Gold is used to purchase units and pay for some units’ upkeep. Unlike food, you can accumulate gold if more is produced than spent. Mana can be accumulated like gold, and is used to cast spells. More powerful spells typically require more mana. Again, some creatures’ upkeep is paid with mana. The last resource is research, which is used to unlock spells.

The above resources are gained by developing your cities with buildings. One of the simplifications of the Warlock economy is that for the most part it really doesn’t matter where you develop your buildings. A farm built on desert is just as productive as one built on plains. There aren’t any terrain improvements either, such as irrigating a farm. There are features on some hexes that enable a special building to be erected on them. This can add strategic choices to the game because some resources have multiple buildings to develop them. There are other considerations too, such as what hexes should be reserved for defensive towers, and travel is faster on developed hexes within your lands, but the system is simplified.
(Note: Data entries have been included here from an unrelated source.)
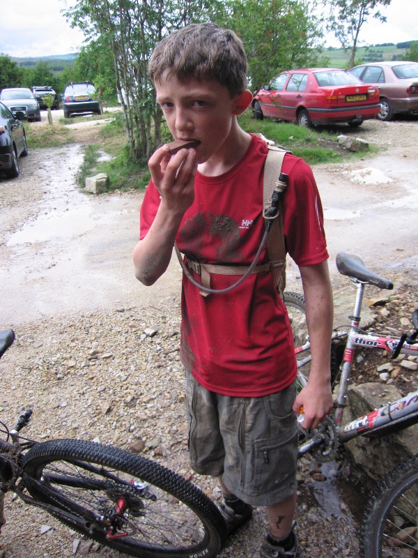 This morning Michael and I did the planned ride at Llandegla and it was all going really well until his front wheel washed out in a large puddle and he landed a good 6 metres further down the trail. Severe cuts and abrasions to his elbow, both knees, chest and hip were the reulting injuries. A spectacular amount of mud on his clothes completed the ensemble. He’s ok. “It’s all part of it”, I explained to him. It’s not like he lost any teeth or broke his bike or owt. He was bloody fast today though. On one downhill section of the black run I had to ride pretty fast once I realised he was bearing down on me through a tight berm. He’s climbing well too. It’s in the blood, clearly 😉
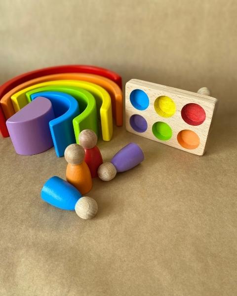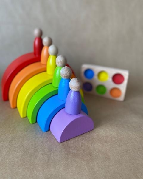 Waldorf 6 Parçalı Gökkuşağı 6’lı Peg Bebek Tabla Seti – Pastel Renk Eşleştirme Ahşap Oyuncak
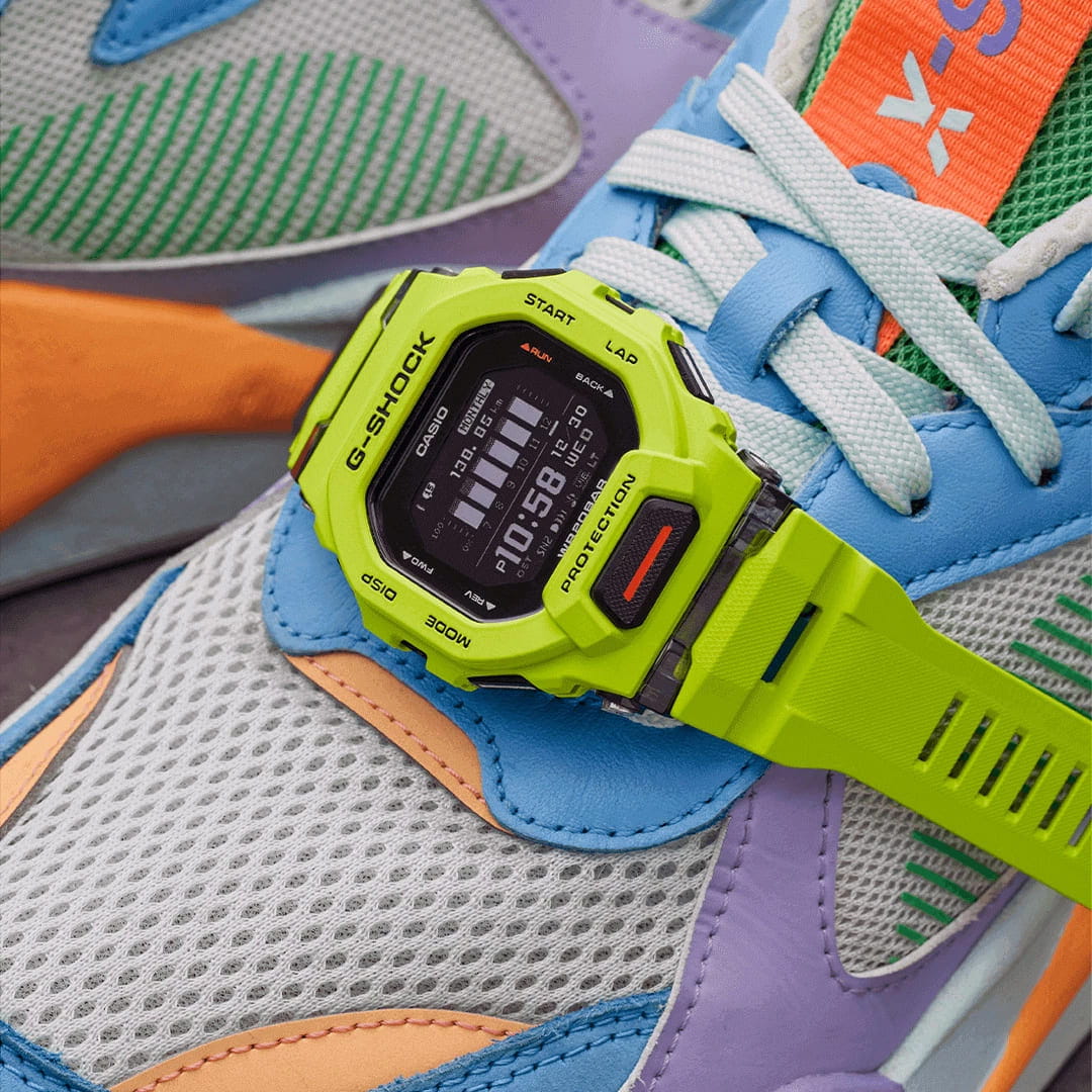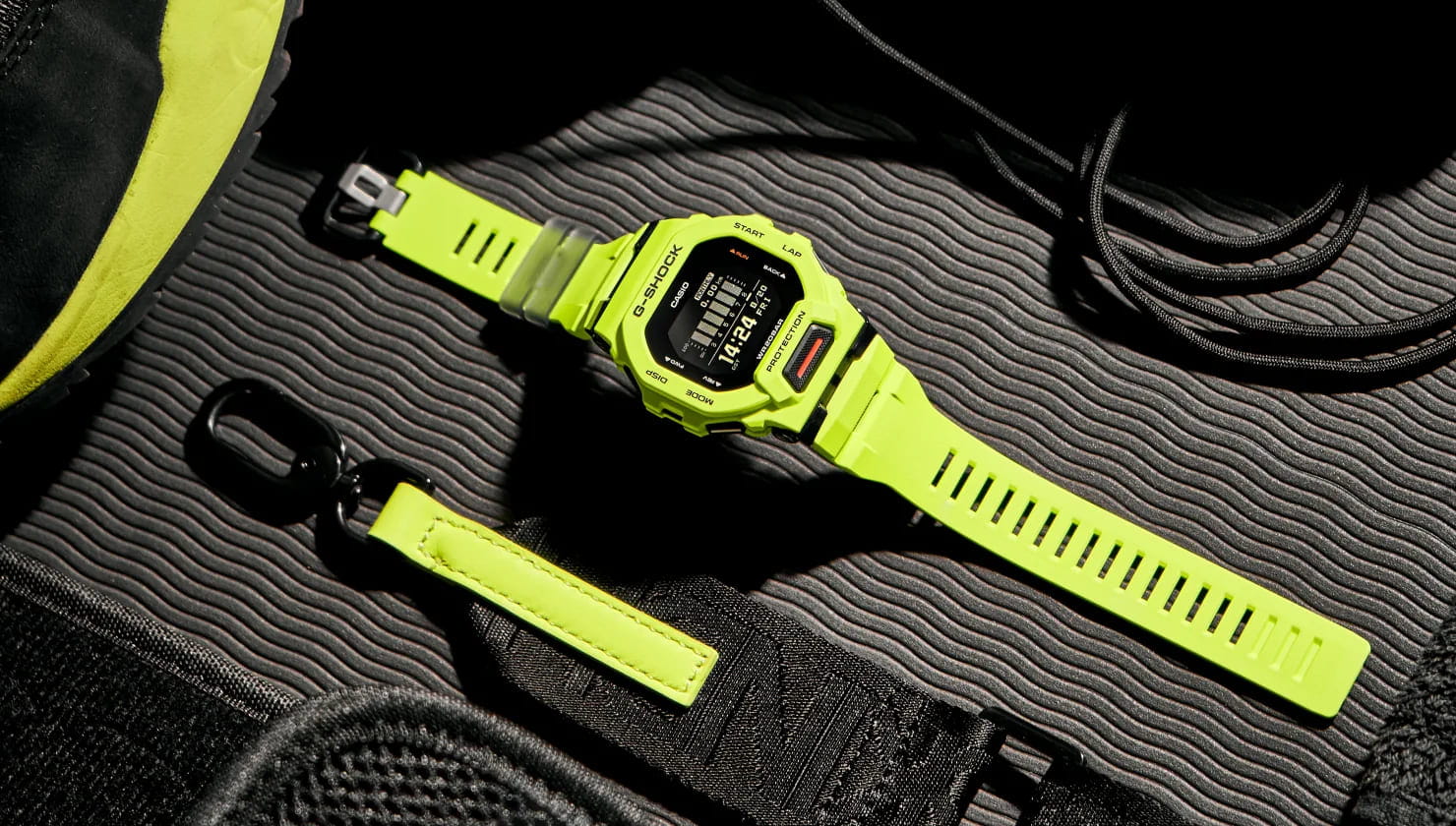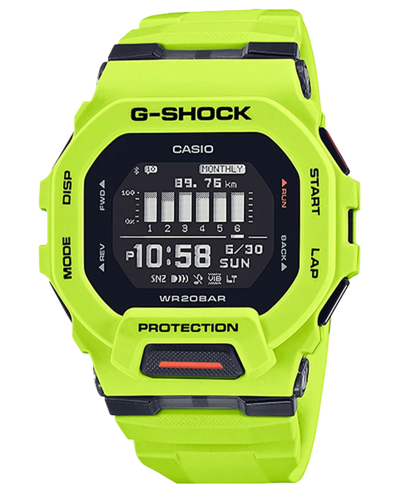 Японские мужские ударопрочные часы c функцией Bluetooth Casio G-Shock GBD-200-9, кварцевый механизм с высокой точностью. Класс водозащиты: 200 метров, позволит плавать, нырять и заниматься другими водными видами спорта. Корпус часов изготовлен из пластика ярко-зеленого цвета. Ударопрочный корпусУдаропрочный корпусМеханизм заключён в корпус, выполненный из современных материалов, устойчивых к ударам, механическим повреждениям и падению с высоты: инновационный пластик, карбон, нержавеющая сталь, титан. защищает механизм от ударов и вибрации. СекундомерСекундомерСекундоме́р — прибор, способный измерять интервалы времени с точностью до долей секунды. с точностью показаний 1с и временем измерения 99ч. Сплит-хронографСплит-хронографИспользуется для измерения продолжительности нескольких временных отрезков, начинающихся одновременно, а заканчивающихся в разное время.. Возможность установить 5 таймеров. Таймер обратного отсчета от 1сек до 1ч с автоповтором. Мировое времяМировое время Полезное часовое усложнение, отображающее время в основных городах и известных областях по всему миру, оно связано с часовыми поясами, удобно для путешественников и бизнесменов. – 38 городов (38 часовых поясов), всемирное координированное время (UTCUTCВсемирное кординационное время, не имеющее привязки к географическому положению Гринвича, основывается на атомном отсчёте времени. Регулировка времени осуществляется более точно, чем устаревшее GMT.
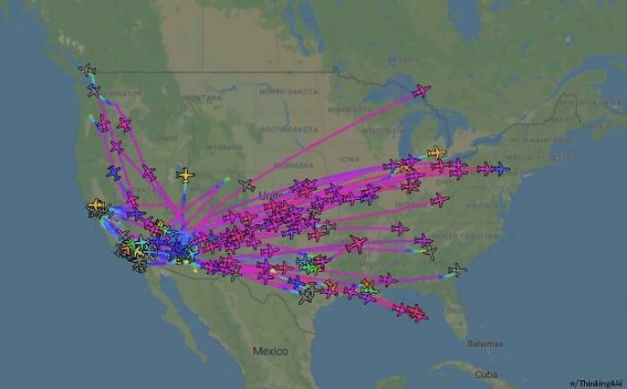 Ini adalah penampakan jet pribadi yang meninggalkan Arizona setelah acara Super Bowl, laga final American Football. Banyak orang super kaya yang menonton ya. Foto: Logical_Scientist221 via Bored Panda
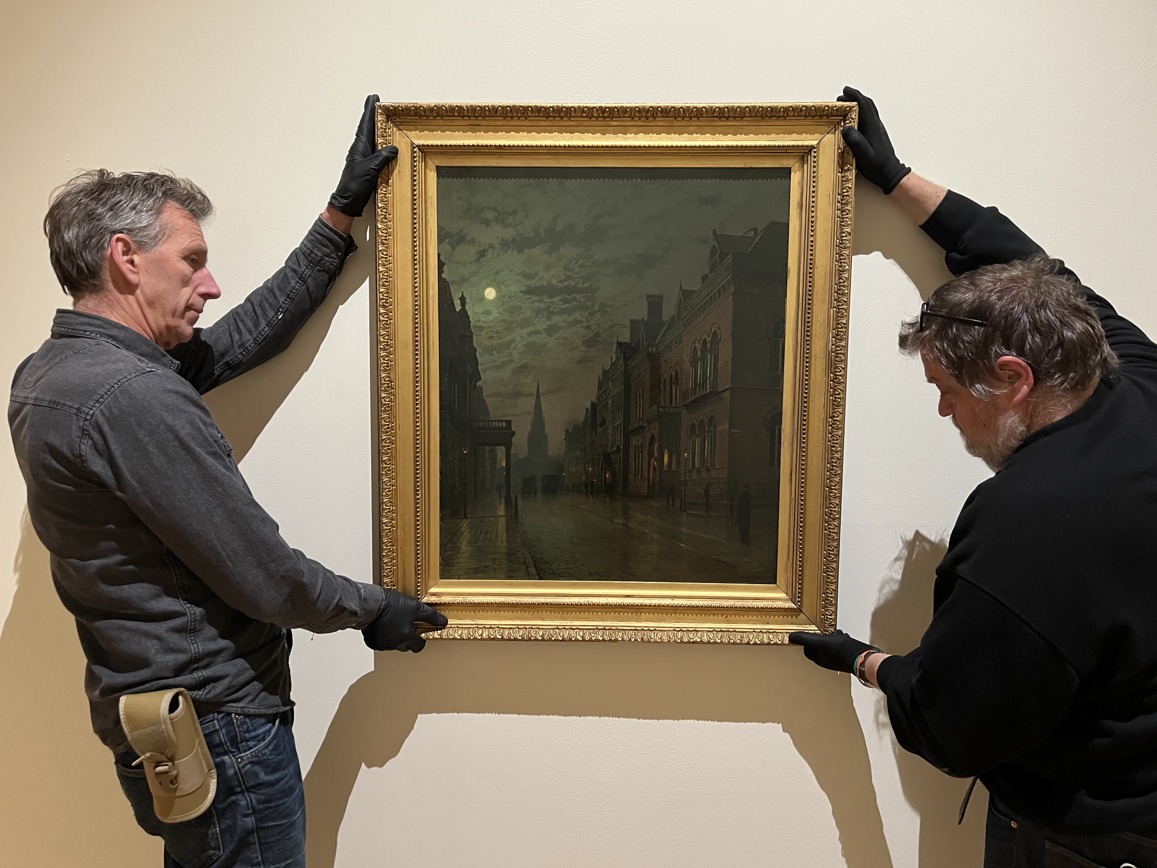 Technicians at Leeds Art Gallery hang John Atkinson Grimshaw's famous depiction of Park Row in Leeds, one of the works on display as part of Don’t Let’s Ask For the Moon: Nocturnes and Atkinson Grimshaw, which opens at Leeds Art Gallery this November 14.
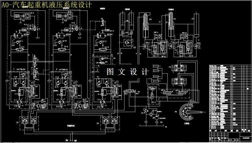汽车起重机液压系统的设计是该型起重机设计过程中最关键的一步。本文根据液压系统的技术指标对该系统进行整体方案设计,对其功能和工作原理进行分析,初步确定了系统各回路的基本结构及主要元件,按照所给机构性能参数和液压性能参数进行元件的选择计算,通过对系统性能的验算和发热校核,以满足该起重机所要达到的要求。 汽车起重机液压系统的起升回路和回转回路进行了改进。在起升回路中采用双泵单马达、分合流油路的开式系统,根据各机构的不同速度和功率的要求,采用不同的液压泵供油,同时可以根据不同的工作方式采用不同的供油系统从而提高工作效率,降低功率损失。在回转系统使用了动态稳定性较好的平衡阀,减少冲击,提高操作精度。对变幅液压缸进行了结构和参数的设计,具体进行了三铰点受力模型的建立和分析,以及对变幅液压缸的稳定性进行校核。本文还针对当前汽车起重机所采用的一项先进技术——电液比例控制技术,从原理、控制部件、回路控制、控制措施以及对汽车起重机的影响等进行专题研究。由此对电液比例控制技术在汽车起重机中的运用给以充分的肯定,对汽车起重机的发展前景有了很大的希望汽车起重机不仅具有移动方便,操作灵活,易于实现不同位置的吊装等优点,而且对其进行驱动和控制的液压系统易于实现改进设计。随着液压传动技术的不断发展,汽车起重机已经成为各起重机生产厂家主要发展对象。

I prefer a little more depth to the economic portion of 4x titles. Buildings can’t be destroyed even though there is reference to such a feature in the manual, so make sure you are happy with your choices. The buildings can be disabled, so the upkeep doesn’t have to be paid for unnecessary buildings.


Cities
Cities are very much a part of the economic model, but I thought they deserve their own mention. Every time a city acquires another 1000 citizens, another building slot becomes available. So while buildings are built rapidly (typically 2-4 turns), there is a limit as to how much can be built. There aren’t ‘productive’ cities that build at faster pace like in Civilization. The build times are standard for each building. City population growth is also standardized and not based on food production. The only way to speed up the population growth is by casting spells on the city


Let’s Get Started
The first 10 turns provide a pretty good opportunity to see many of the mechanics in action. As you can see our starting city (our Capital) is surrounded by unexplored lands. Our first task will be to remove this shroud so we can locate unoccupied land with valuable special resources to exploit. The capital is the most important city because if lost, the game is over for its owner. Once a Warlock is eliminated all of his cities will turn neutral. Once capitals develop they become pretty strong and are not trivial to conquer.


Our units have uncovered some special resources, so I think we have found a good site for our second city. After a city grows it can develop hexes up to 3 hexes away, so these resources are out of reach for our starting city. We have also encountered one of the obstacles to early expansion – monsters that roam the land. Some hexes have lairs - monster generators – that periodically spawn monsters. If a player can move a unit onto the lair they recover some treasure (usually gold or mana) and remove the lair from the map.


Our capital also has an available build slot, so we get to plan how we might develop this city. There is a silver resource north of the city which will provide 1 of 2 benefits depending on which building we choose to build. Currently it is out of our radius, but once our city hits level 5 our radius will expand to 2 hexes in each direction so it doesn’t hurt to consider it for future plans. Many special resources can either provide an economic benefit (generate resources) or provide a perk for our units (such as an improved attack). I selected the Ratsman Guild for my first building since it leads to the tax office which will improve gold generation for my city. Since I have a silver mine by my capital, I may focus it on money generation. The ratsman guild also allows the recruitment of some rat-based units.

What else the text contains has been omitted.